Nimble and Lance: The Parquet Killers

Everything you need to know about the new AI/ML storage formats from Meta and LanceDB.

May 13, 2024

Apache Parquet has been the de facto columnar data format on object storage for some time. Nearly every cloud data warehouse and data lake integrates with Parquet. But developers are recognizing its limits. Recently, two new formats were open sourced—one from Meta and one from LanceDB. In this post, I’ll dig into Nimble and Lance V2 (LV2) and give some thoughts.

Storage Format Primer

(You can skip this section if you know what a columnar file format is.)

Before I discuss Nimble and LV2, you need to know how a columnar storage format works. Meta’s Nimble YouTube video from VeloxCon 2024 does a good job summarizing, so I’ll borrow from it.

Row-based formats write data to disk as a sequence of row bytes. Consider a database table with a user_id and features column. When a new row is written, it’s stored as a sequence of bytes representing user_id followed by a sequence of bytes representing features.

Nimble, A New Columnar File Format - Yoav Helfman, Meta

Each red block on the right represents one row written to disk. Each row contains bytes for each column, one after the next (represented by green and orange boxes). Columnar file formats invert this sequence. Bytes are grouped by column not row.

Columnar formats are useful for data warehouse-style queries that typically do aggregation on a few columns but a large number of rows (e.g. SELECT state, SUM(price) FROM sales GROUP BY 1). In a row-based format, you’d have to read every row just to use one or two columns. With a column-based format, readers can read only the column bytes they need and take advantage of sequential IO performance gains.

Traditional columnar-based formats require the writer to buffer all data before they can write it. The writer needs to know all of the user_ids before it can write the red block in the image above—a substantial burden

Parquet (and ORC, a similar but less popular file format) solve this problem by introducing the idea of row groups (or ORC’s synonymous stripes). Row groups combine the row-based and column-based approach. The idea is to partition the data up into smaller groups of rows so that a writer can store just that set of rows in a columnar format. Because the partitions are relatively small, the writer doesn’t need to buffer the entire data set before writing the columnar data for that row group.

The example above illustrates a table that’s been divided into two row groups (orange and green). Each row group contains a sequence of columns (represented by the blue and red blocks).

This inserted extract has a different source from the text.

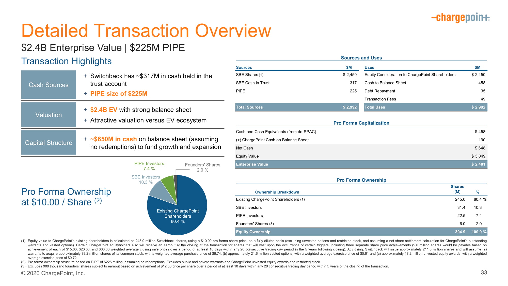 2020ChargePoint,Inc.详细交易概况33$2.4B企业价值|$2.25亿管道交易要点(1)对ChargePoint现有股东的股权价值计算为2.45价值1000万澳元的股票。00备考股价,按全面摊薄基准(不包括未归属期权和限制性股票,并假设ChargePoint未行使认股权证和已归属期权的净股份结算计算)计算。某些chargepointEquityholders还将在交易结束时获得分配给某些触发器的股票的收益,其中包括三个独立的股价成就(9。将根据每笔15美元的实现情况支付0万股。00 , $ 20 .00和30美元。00收盘后5年内任何连续20个交易日期间内至少10日内的加权平均收盘卖出价格)。收盘时,Switchback将发行约211张。800万股股份,并将承担(a)认股权证收购约39200万股其普通股,加权平均买入价为6美元。74,(b)大约21。600万份既得期权,加权平均行权价格为0美元。61和(c)约18。200万份未归属股权奖励,加权平均行权价格为0美元。72 .(2)假设没有赎回,以PIPE2.25亿美元为基础的形式所有权结构。不包括公共和私人认股权证和计费点未归属股权奖励和限制性股票。(3)不包括90000股创办人的股份,该等股份须根据12元的实绩而拨出。00在交易结束后5年内的任何连续20个交易日期间内的至少10天期间内的每股价格。预计所有权价格为10.00美元/股(2)现金来源+现金回流信托账户持有现金约3.17亿美元+管道规模2.25亿美元估值+资产负债表强劲的24亿美元电动汽车+估值相对于电动汽车生态系统资本结构的吸引力+资产负债表上现金约6.5亿美元(假设没有赎回)为增长和扩张提供资金(3)(1)(1)来源和使用来源$M使用$M SBE股份$2,450股权对价给ChargePoint股东$2,450SBE信托现金317现金到资产负债表458管道225债务偿还35交易费49总来源$2,92总用途$2,992ProForma资本化现金及现金等价物(来自DE-SPAC)$458(+)Chargepoint资产负债表上的现金$190净现金$648股权价值$3,049企业价值$2,401备考所有权细分股份(M)%现有Chargepoint股东245.080.4%SBE投资者31.410.3PIPE投资者22.57.4创始人股份6.0股权所有权304.9100.0%SBE投资者10.3%PIPE投资者7.4%现有ChargePoint股东80.4%创始人股份2.0%K40K41S40K42K43K44K45K46S41S42S43S445S46S47S48

Pages are represented as green blocks in the image—chunks of each column. Pages are used so a reader needn’t read all column data for a row group; they can read only a subset of the data if it’s sorted in the same manner as their query. All of these tricks are just ways to partition the table data up to make it friendly for data warehouse-style queries.

Parquet’s Problems

Parquet is an incredibly well done storage format. It has enabled composable database systems and provided an integration format for data lakes and cloud data warehouses. But it’s begun to show its age. LanceDB’s Lance v2 post summarizes the issues well:

Point lookups: Reading a single row requires reading an entire page, which is expensive.
Large values: Columns with large values make the row group size hard to tune. If the row groups are small, only a small number of rows will be included in each page (since the large values will take most of the page). If a row group is large, writes become memory intensive.
Large schemas: Some datasets have 1000s of columns. Parquet requires readers to load the schema metadata for all columns to read just one—a costly and wasteful operation.
Limited encodings: There have been an explosion of encoding styles for data of different shapes and sizes. These new encoders do a better job of compacting and compressing data in different scenarios. Parquet provides only a fixed set of dated encoders.
Limited metadata: Parquet only allows encoders to store metadata—statistics, min, max, nulls, and more—in pages. Some encoders would benefit from storing metadata at the row grow, stripe, or file level.

These problems are particularly acute for machine-learning (ML) and artificial intelligence (AI) style uses. Machine learning data often has columns with a long list of floats, as the features column in the screenshots above illustrates. AI use-cases often need text, images, or video near their feature vectors for training and retrieval-augmented generation (RAG) use cases. Parquet struggles with such use cases. Nimble and LV2 address these issues.

Nimble and LV2

Nimble takes an incremental approach to Parquet’s problems. The format handles wide schemas using FlatBuffers rather than Protobuf to decode only the metadata bytes that are actually used. Nimble’s encoding layer is extensible; new formats can be added by the user. Metadata is also made extensible by treating it as part of the encoding payload rather than a rigid schema in the file footer. While stripes (row groups) still exist, their footers have been moved to the end of the file.

LV2 is far more radical. Parquet’s row groups have been completely removed. LV2 files are simply a collection of data pages, column metadata, and a footer—that’s it. In the name of extensibility, LV2 has no type system and no built-in encodings. Both are pluggable. LV2 is so thin, the whole spec is a mere ~200 line Protobuf file.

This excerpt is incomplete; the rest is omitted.